#### WHAT TO DO
Would you please repeat exactly the entries below, starting at the line with "SNEAKER IN SUEDE CON CAP TOE IN PELLE LUCIDA" and ending at the line with "Kostra skutečného holuba, zalitá", and nothing outside that range? Leave out the pictures.

[[ EXERCISE DATA, beginning ]]

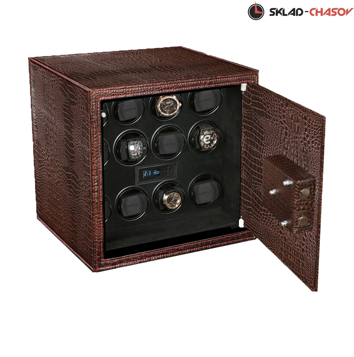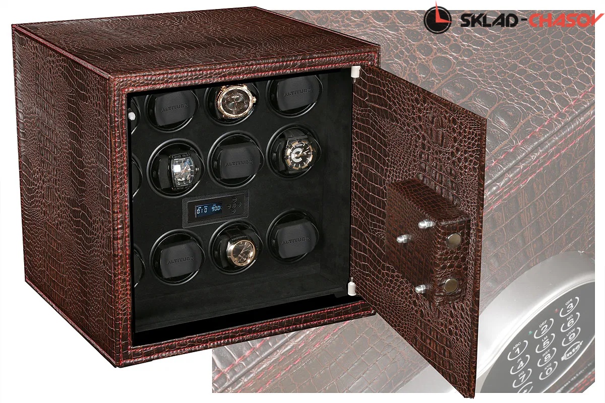 Сейф для Подзавода и Хранения 12 наручных часов с функцией независимого Подзавода обеспечивает полный завод любых часов с любой сложностью от немецкого производителя "Altitude“. Корпус из металла обшит коричнево - бордовой кожей с красной строчкой, внутри выстлана чёрная микрофибра - удобно для сухой и влажной чистки! Минимальный размер на это количество часов. Сейф можно встроить в гардеробную или другое место. Удобные телескопические держатели для любого размера часов. Электронное табло. Внутренняя автоматическая подсветка из светодиодов при открытии дверцы.
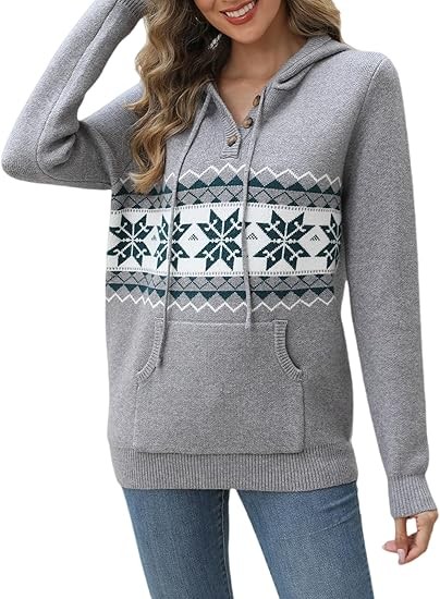 For an oversized look, choose your normal size; for a fitted look, choose one size smaller. Please consult the size chart before placing your order to ensure the best fit. Model is wearing size S and is 5'9'' tall, BWH: 33.8'', 24.8'', 36.2''. S=4-6, M=8-10, L=12-14, XL=16-18. Fall Oversized Hoodies: Wear this cozy trendy sweater hoodie with three buttons that you can open or close as needed. The cuffs and hem are designed with elastic ribbed patterns, adding a sense of fashion and fit. Knitted Long Sleeve Sweatshirts: Comfy drawstring hoodie with a kangaroo pocket is a classic design that gives you a casual style. It is also convenient to carry things like phone or keys and keep your hands warm.
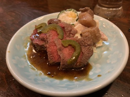 最後はアメリカ牛ステーキを!自家製ハラペーニョ添えで!このハラペーニョがほどよく辛いのでとってもお肉にあうんですよ~!
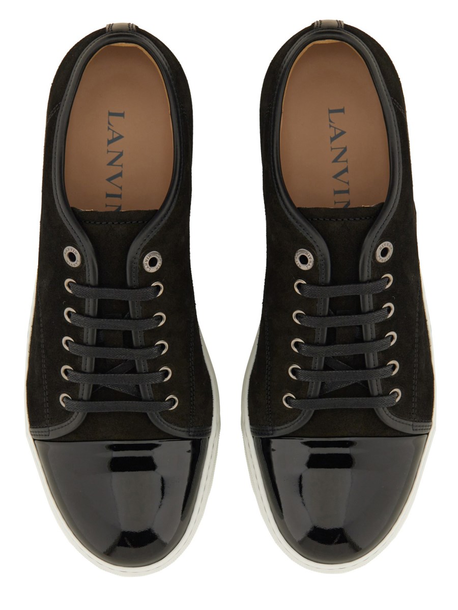 SNEAKER IN SUEDE CON CAP TOE IN PELLE LUCIDA
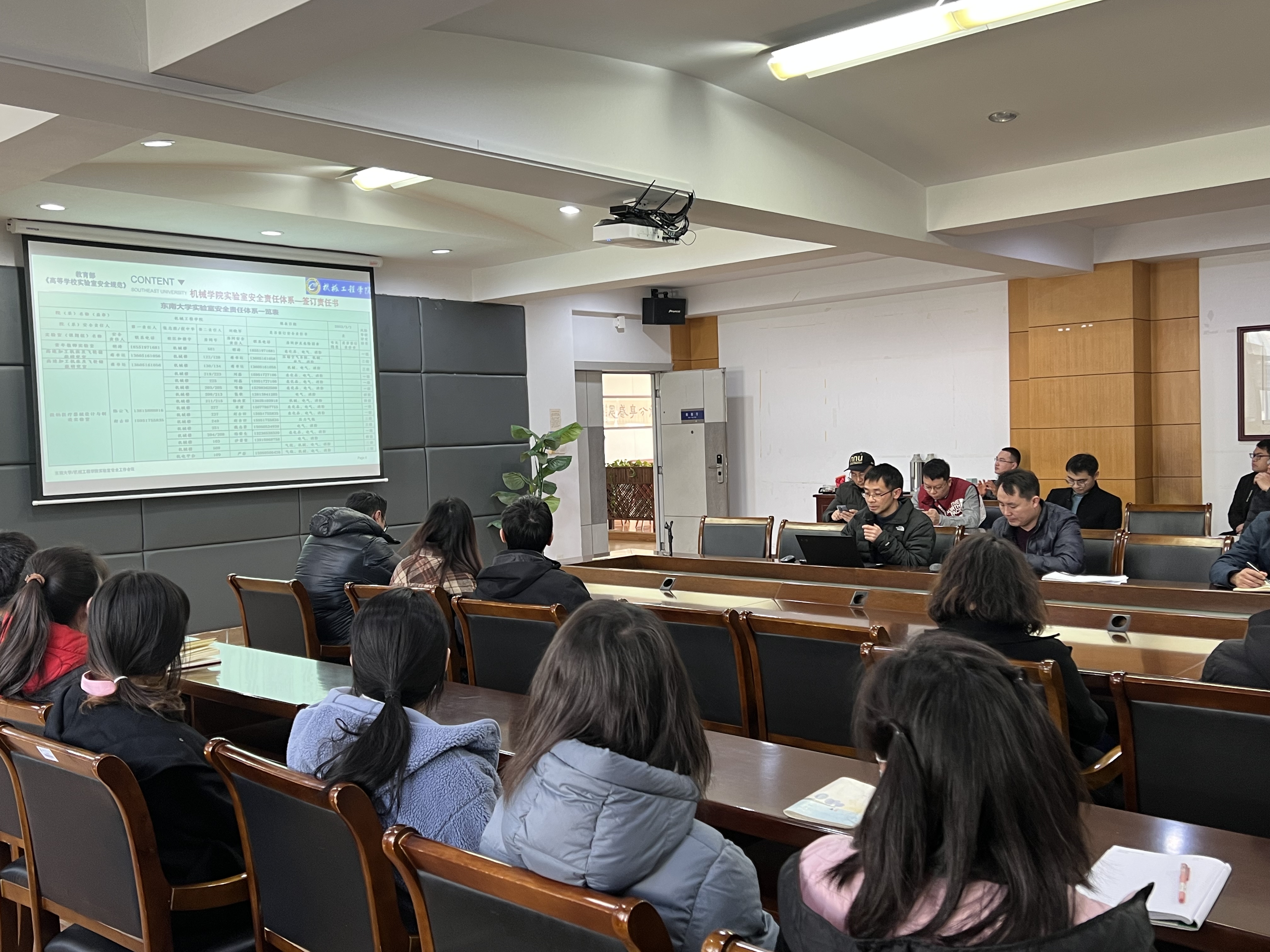 为规范我院实验室安全管理工作,机械学院于3月2日在南高厅召开了实验室安全工作会议,院长倪中华、副院长刘晓军、学院实验室及重要场所安全自查自纠工作组成员、学院各实验室负责人、危化品实验室的学生代表参加了会议,会议由刘晓军院长主持。
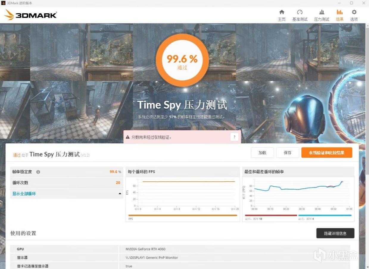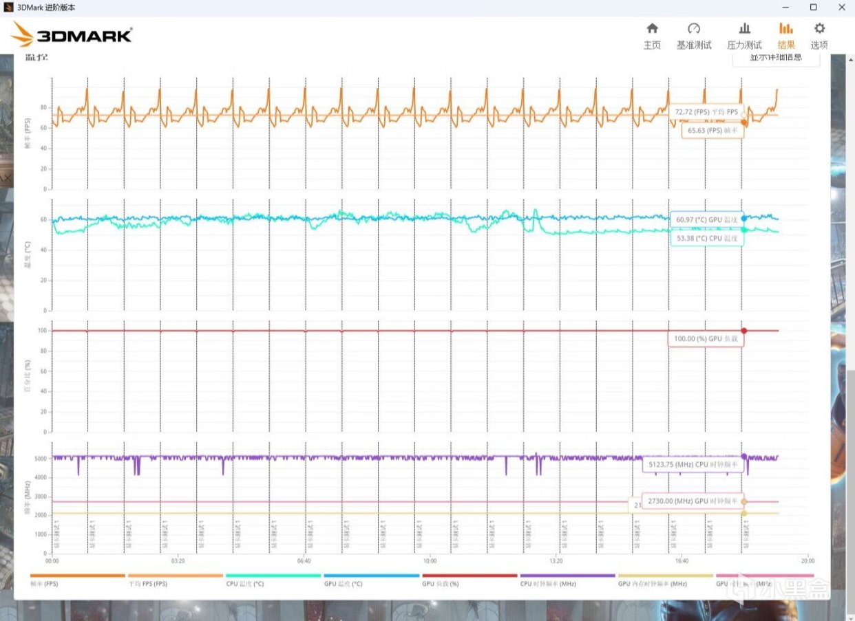 ▼简单跑个3Dmark的压力测试,TS模式,帧数稳定率在99.6%,非常稳定。
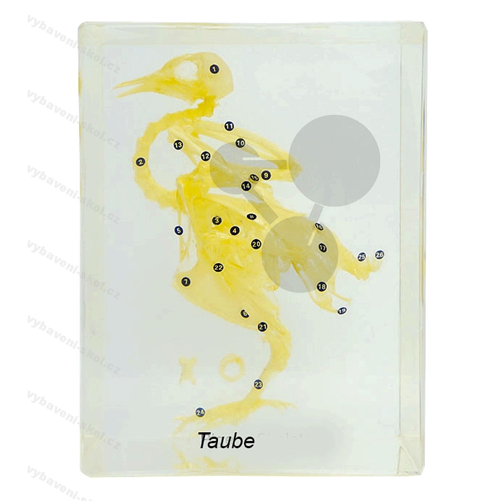 Kostra skutečného holuba, zalitá v pryskyřici.
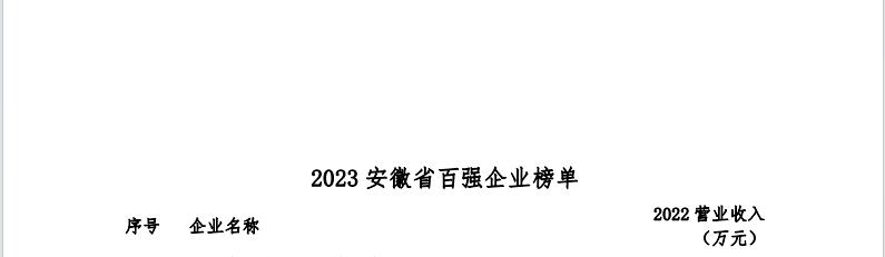 2023年11月22日,安徽省企業(yè)聯(lián)合會(huì)、安徽省企業(yè)家聯(lián)合會(huì)舉辦了2023安徽百?gòu)?qiáng)企業(yè)發(fā)布會(huì)暨企業(yè)家論壇,現(xiàn)場(chǎng)發(fā)布了“2023安徽省百?gòu)?qiáng)企業(yè)”榜單,及“2023安徽省制造業(yè)百?gòu)?qiáng)企業(yè) ”“2023安徽省服務(wù)業(yè)百?gòu)?qiáng)企業(yè)”榜單。該活動(dòng)迄今已經(jīng)連續(xù)開(kāi)展十九屆,基本囊括了安徽營(yíng)收規(guī)模排在前列的各類(lèi)企業(yè)。

[[ EXERCISE DATA, end ]]

#### RESULT
 SNEAKER IN SUEDE CON CAP TOE IN PELLE LUCIDA
 为规范我院实验室安全管理工作,机械学院于3月2日在南高厅召开了实验室安全工作会议,院长倪中华、副院长刘晓军、学院实验室及重要场所安全自查自纠工作组成员、学院各实验室负责人、危化品实验室的学生代表参加了会议,会议由刘晓军院长主持。
 ▼简单跑个3Dmark的压力测试,TS模式,帧数稳定率在99.6%,非常稳定。
 Kostra skutečného holuba, zalitá v pryskyřici.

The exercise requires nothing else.